I'm sure that if Oprah could have left it at that, she would have, because with each new piece of information about this family, my B***S*** detector began to go into overdrive. First, it was revealed that only the wife and the three kids, ages 13, 11, and 9, have to walk the streets and sleep in shelters with their worldly possessions in garbage bags. The husband lives in an apartment with friends. Way to live up to your husbandly and fatherly duties there, Ryan.
Next, it was revealed that
the Whitesides had an adjustable rate mortgage. Disagree with me if you wish, but unless you have some damn unique circumstances, the necessity of an ARM means you shouldn't even be buying a house in the first place.
Next, it was revealed that until they lost their jobs, Favor was a home care provider, and Ryan did clerical work; both of these jobs are minimum wage or just over. But it gets better: in addition to losing their house, they also had to get rid of their... Lincoln Navigator.
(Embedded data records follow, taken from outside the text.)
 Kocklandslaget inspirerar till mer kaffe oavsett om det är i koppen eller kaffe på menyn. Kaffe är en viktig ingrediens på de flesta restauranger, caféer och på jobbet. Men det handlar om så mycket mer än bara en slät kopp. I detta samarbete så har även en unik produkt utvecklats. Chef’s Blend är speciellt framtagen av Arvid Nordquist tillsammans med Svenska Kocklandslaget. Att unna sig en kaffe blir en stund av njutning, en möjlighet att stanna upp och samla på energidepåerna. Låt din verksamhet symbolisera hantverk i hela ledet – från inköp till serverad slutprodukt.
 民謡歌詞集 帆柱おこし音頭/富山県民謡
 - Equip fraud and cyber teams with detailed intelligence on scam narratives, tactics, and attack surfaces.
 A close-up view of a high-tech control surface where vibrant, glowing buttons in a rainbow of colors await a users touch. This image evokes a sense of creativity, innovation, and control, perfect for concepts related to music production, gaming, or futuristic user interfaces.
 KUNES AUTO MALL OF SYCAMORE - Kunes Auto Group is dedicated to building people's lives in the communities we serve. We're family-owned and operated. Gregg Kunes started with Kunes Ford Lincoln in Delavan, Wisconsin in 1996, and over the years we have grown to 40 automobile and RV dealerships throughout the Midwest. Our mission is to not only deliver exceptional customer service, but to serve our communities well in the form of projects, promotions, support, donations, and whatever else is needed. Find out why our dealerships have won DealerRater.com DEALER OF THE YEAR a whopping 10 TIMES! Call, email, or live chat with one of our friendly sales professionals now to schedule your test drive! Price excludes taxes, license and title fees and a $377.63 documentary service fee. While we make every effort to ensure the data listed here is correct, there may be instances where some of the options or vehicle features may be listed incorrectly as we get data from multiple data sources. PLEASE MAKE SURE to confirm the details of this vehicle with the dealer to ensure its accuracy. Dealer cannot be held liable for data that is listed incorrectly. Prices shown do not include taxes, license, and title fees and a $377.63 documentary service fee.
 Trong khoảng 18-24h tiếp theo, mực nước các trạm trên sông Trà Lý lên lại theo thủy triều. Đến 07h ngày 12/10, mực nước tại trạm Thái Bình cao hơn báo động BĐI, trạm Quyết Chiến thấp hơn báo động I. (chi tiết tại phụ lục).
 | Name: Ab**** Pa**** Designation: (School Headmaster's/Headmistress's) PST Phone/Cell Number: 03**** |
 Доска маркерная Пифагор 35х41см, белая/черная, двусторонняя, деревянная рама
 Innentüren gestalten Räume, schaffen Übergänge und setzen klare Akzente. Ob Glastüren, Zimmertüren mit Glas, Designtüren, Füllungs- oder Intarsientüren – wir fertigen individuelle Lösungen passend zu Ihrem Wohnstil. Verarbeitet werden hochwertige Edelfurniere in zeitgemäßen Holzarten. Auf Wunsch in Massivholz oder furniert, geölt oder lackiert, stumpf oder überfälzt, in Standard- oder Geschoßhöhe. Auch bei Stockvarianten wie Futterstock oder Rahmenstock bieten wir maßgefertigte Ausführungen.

Are you starting to get the picture?
But the Whitesides weren't done. At one point, Favor was being interviewed by Oprah's crew inside a homeless shelter. There is Favor, sitting on a couch in a lobby, telling her woe-is-me tale of poverty and homelessness - her brood sitting around her to remind us all that there are deprived children involved here. And what is Favor's 13 year-old daughter doing during this interview? She is sitting next to her mother, texting on a cell phone!
I am sure that there really are some hard-luck cases out there where people truly did the right thing but have still ended up in financial and residential straits. However, I must agree with radio host Neal Boortz, who often says that the reason the rich get richer and the poor get poorer is because the rich keep making wise choices that make them richer, and the poor keep making unwise choices that make them poorer.
Too bad Oprah, Lisa Ling, and the rest of the Oprah crew were too cowardly to question any of the unwise choices of the family that they hoisted up as the poster children of homelessness in Sacramento.